───── PROVIDED MATERIAL ─────
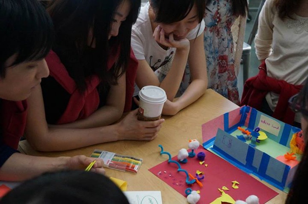 (利用各種材料做手工,展示給別的同學(xué)看,Photo byTatsuhiro Ohtani,VIA同事)
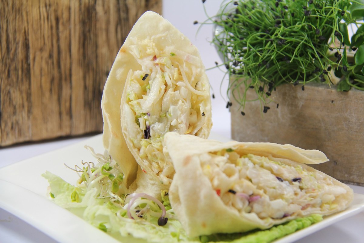 Für die Marinade Schale und Saft von einer Zitrone mit Honig, etwas Chili, etwas Zimt, geröstetem Kreuzkümmel und Salz zu einer Marinade vermischen. Mit dem Salat und dem Schafkäse vermischen und die Fülle in die Wraps einfüllen und einrollen.
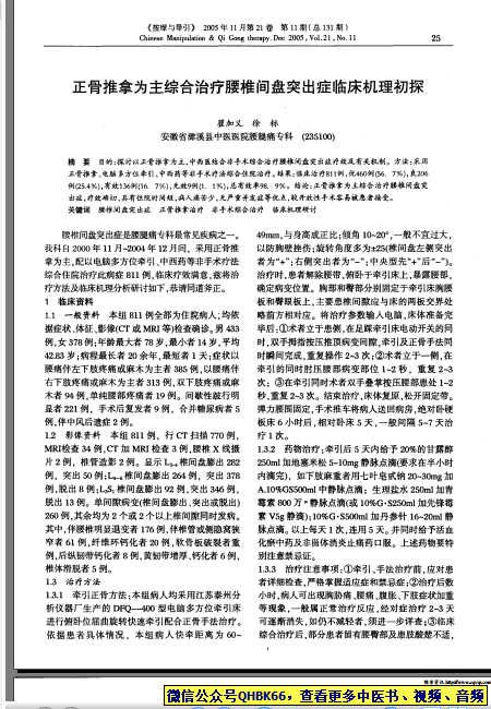正骨推拿为主综合治疗腰椎间盘突出症临床机理初探
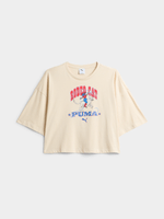 Stay stylish and comfortable in the Puma Women's Rodeo Cat Oversized Short T-shirt. Its relaxed, oversized silhouette ensures freedom of movement, while the ecru tone pairs effortlessly with any outfit. Finished with Puma’s signature Cat logo on the chest, this tee is a versatile addition to your casual or sporty wardrobe. Supplier code_636023 87
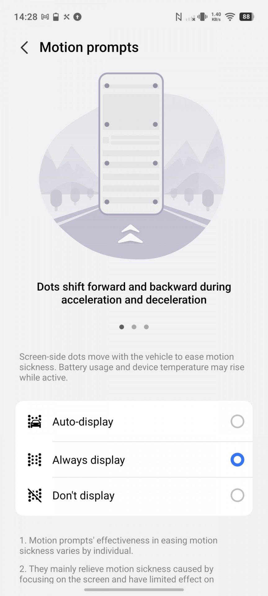Функция, которую мы раньше не видели, — это подсказки движения. Она предназначена для борьбы с укачиванием, отображая на экране набор точек, которые отражают движение автомобиля, в котором вы находитесь, на основе данных акселерометра телефона. Мы не уверены, насколько она эффективна, но если вы страдаете от головокружения, когда едете по извилистой дороге и смотрите в телефон (разумеется, на пассажирском сиденье), возможно, стоит попробовать.
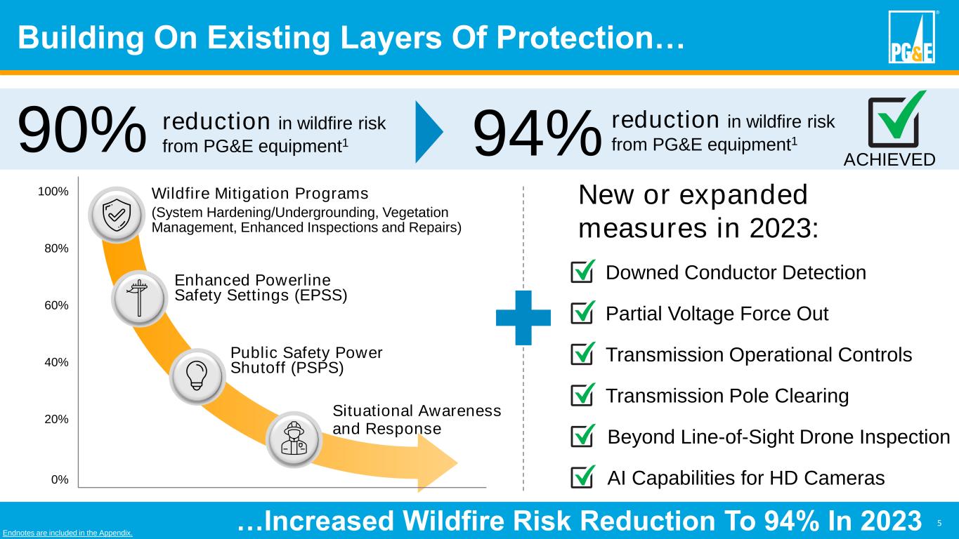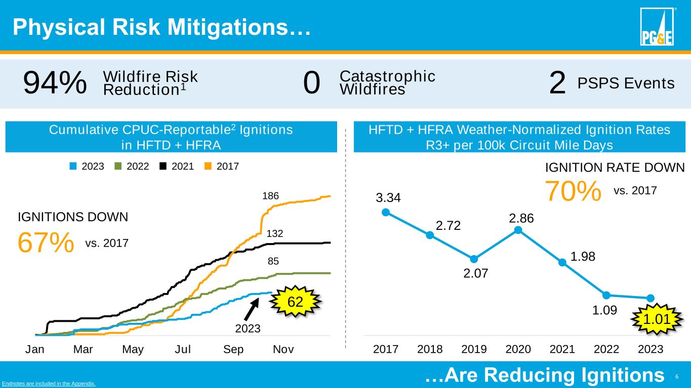 5 Endnotes are included in the Appendix. Building On Existing Layers Of Protection… …Increased Wildfire Risk Reduction To 94% In 2023 reduction in wildfire risk from PG&E equipment1 90% 94% reduction in wildfire risk from PG&E equipment1 100% 80% 60% 40% 20% 0% Wildfire Mitigation Programs (System Hardening/Undergrounding, Vegetation Management, Enhanced Inspections and Repairs) Enhanced Powerline Safety Settings (EPSS) Situational Awareness and Response Public Safety Power Shutoff (PSPS) New or expanded measures in 2023: Transmission Pole Clearing Transmission Operational Controls Partial Voltage Force Out Downed Conductor Detection Beyond Line-of-Sight Drone Inspection AI Capabilities for HD Cameras ACHIEVED
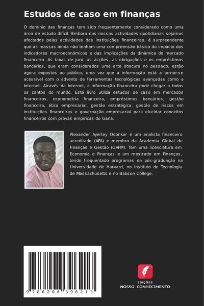 O domínio das finanças tem sido frequentemente considerado como uma área de estudo difícil. Embora nas nossas actividades quotidianas sejamos afectados pelas actividades das instituições financeiras, é surpreendente que as massas ainda não tenham uma compreensão básica do impacto dos indicadores macroeconómicos e das implicações da dinâmica do mercado financeiro. As taxas de juro, as acções, as obrigações e os empréstimos bancários, que eram considerados uma arte obscura no passado, estão agora expostos ao público, uma vez que a informação está a tornar-se acessível com o advento de ferramentas tecnológicas avançadas como a Internet. Através da Internet, a informação financeira pode chegar a todos os cantos do mundo. Este livro utiliza estudos de caso em mercados financeiros, econometria financeira, empréstimos bancários, gestão financeira, ética empresarial, gestão estratégica, gestão de riscos em instituições financeiras e governação empresarial para elucidar conceitos financeiros com provas empíricas do Gana.
─────
Reproduce the listing exactly, images omitted.

◆ **REPLY TO THE EXERCISE**:
 (利用各種材料做手工,展示給別的同學(xué)看,Photo byTatsuhiro Ohtani,VIA同事)
 Für die Marinade Schale und Saft von einer Zitrone mit Honig, etwas Chili, etwas Zimt, geröstetem Kreuzkümmel und Salz zu einer Marinade vermischen. Mit dem Salat und dem Schafkäse vermischen und die Fülle in die Wraps einfüllen und einrollen.
正骨推拿为主综合治疗腰椎间盘突出症临床机理初探
 Stay stylish and comfortable in the Puma Women's Rodeo Cat Oversized Short T-shirt. Its relaxed, oversized silhouette ensures freedom of movement, while the ecru tone pairs effortlessly with any outfit. Finished with Puma’s signature Cat logo on the chest, this tee is a versatile addition to your casual or sporty wardrobe. Supplier code_636023 87
Функция, которую мы раньше не видели, — это подсказки движения. Она предназначена для борьбы с укачиванием, отображая на экране набор точек, которые отражают движение автомобиля, в котором вы находитесь, на основе данных акселерометра телефона. Мы не уверены, насколько она эффективна, но если вы страдаете от головокружения, когда едете по извилистой дороге и смотрите в телефон (разумеется, на пассажирском сиденье), возможно, стоит попробовать.
 5 Endnotes are included in the Appendix. Building On Existing Layers Of Protection… …Increased Wildfire Risk Reduction To 94% In 2023 reduction in wildfire risk from PG&E equipment1 90% 94% reduction in wildfire risk from PG&E equipment1 100% 80% 60% 40% 20% 0% Wildfire Mitigation Programs (System Hardening/Undergrounding, Vegetation Management, Enhanced Inspections and Repairs) Enhanced Powerline Safety Settings (EPSS) Situational Awareness and Response Public Safety Power Shutoff (PSPS) New or expanded measures in 2023: Transmission Pole Clearing Transmission Operational Controls Partial Voltage Force Out Downed Conductor Detection Beyond Line-of-Sight Drone Inspection AI Capabilities for HD Cameras ACHIEVED
 O domínio das finanças tem sido frequentemente considerado como uma área de estudo difícil. Embora nas nossas actividades quotidianas sejamos afectados pelas actividades das instituições financeiras, é surpreendente que as massas ainda não tenham uma compreensão básica do impacto dos indicadores macroeconómicos e das implicações da dinâmica do mercado financeiro. As taxas de juro, as acções, as obrigações e os empréstimos bancários, que eram considerados uma arte obscura no passado, estão agora expostos ao público, uma vez que a informação está a tornar-se acessível com o advento de ferramentas tecnológicas avançadas como a Internet. Através da Internet, a informação financeira pode chegar a todos os cantos do mundo. Este livro utiliza estudos de caso em mercados financeiros, econometria financeira, empréstimos bancários, gestão financeira, ética empresarial, gestão estratégica, gestão de riscos em instituições financeiras e governação empresarial para elucidar conceitos financeiros com provas empíricas do Gana.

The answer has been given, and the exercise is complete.